Cc'ing Matthew since he has a particular interest in readahead, and
might be inspired to make some small safe change that would fix this,
and benefit realistic cases too; but on the whole it didn't look worth
worrying about - or at least not by me.

Hugh

> > IMPORTANT: if you fix the issue, please add the following tag to the commit:
> > Reported-by: syzbot+e5a33e700b1dd0da20a2@xxxxxxxxxxxxxxxxxxxxxxxxx
> >
> > INFO: task syz-executor880:8534 can't die for more than 143 seconds.

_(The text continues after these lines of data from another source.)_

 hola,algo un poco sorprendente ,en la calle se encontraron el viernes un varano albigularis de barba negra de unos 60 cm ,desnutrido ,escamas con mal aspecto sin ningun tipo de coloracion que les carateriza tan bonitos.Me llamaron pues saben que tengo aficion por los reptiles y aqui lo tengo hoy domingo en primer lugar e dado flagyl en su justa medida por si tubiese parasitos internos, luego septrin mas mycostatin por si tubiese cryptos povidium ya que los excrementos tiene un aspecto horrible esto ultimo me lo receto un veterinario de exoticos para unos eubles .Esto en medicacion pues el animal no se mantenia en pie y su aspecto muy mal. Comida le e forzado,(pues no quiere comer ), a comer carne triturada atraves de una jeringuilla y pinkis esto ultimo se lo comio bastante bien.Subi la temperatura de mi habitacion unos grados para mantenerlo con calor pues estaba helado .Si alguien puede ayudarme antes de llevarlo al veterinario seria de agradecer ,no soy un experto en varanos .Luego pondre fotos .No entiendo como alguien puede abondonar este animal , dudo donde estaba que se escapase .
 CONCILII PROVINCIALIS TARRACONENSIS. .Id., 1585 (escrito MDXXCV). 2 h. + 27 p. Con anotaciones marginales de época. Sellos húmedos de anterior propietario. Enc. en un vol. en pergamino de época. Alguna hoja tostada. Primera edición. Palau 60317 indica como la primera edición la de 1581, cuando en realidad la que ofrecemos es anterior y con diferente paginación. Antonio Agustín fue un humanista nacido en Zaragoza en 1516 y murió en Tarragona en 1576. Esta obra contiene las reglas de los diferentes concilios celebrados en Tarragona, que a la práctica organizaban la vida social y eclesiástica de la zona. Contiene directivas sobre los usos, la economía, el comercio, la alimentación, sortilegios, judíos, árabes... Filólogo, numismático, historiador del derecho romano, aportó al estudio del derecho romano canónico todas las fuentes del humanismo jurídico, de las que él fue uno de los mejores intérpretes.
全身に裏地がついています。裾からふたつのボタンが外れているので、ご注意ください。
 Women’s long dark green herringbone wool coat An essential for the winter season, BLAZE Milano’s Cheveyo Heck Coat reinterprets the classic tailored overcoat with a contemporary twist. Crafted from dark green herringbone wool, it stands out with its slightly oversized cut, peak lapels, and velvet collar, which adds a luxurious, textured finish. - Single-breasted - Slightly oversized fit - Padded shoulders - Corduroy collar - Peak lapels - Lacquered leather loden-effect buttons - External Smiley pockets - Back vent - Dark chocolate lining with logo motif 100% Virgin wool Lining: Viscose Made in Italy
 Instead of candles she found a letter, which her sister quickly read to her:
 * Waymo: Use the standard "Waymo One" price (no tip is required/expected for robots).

> > task:syz-executor880 state:R running task stack:25304 pid: 8534 ppid: 8504 flags:0x00004006
> > Call Trace:
> > context_switch kernel/sched/core.c:4269 [inline]
> > __schedule+0x890/0x2030 kernel/sched/core.c:5019
> > preempt_schedule_common+0x45/0xc0 kernel/sched/core.c:5179
> > preempt_schedule_thunk+0x16/0x18 arch/x86/entry/thunk_64.S:40
> > __raw_spin_unlock_irq include/linux/spinlock_api_smp.h:169 [inline]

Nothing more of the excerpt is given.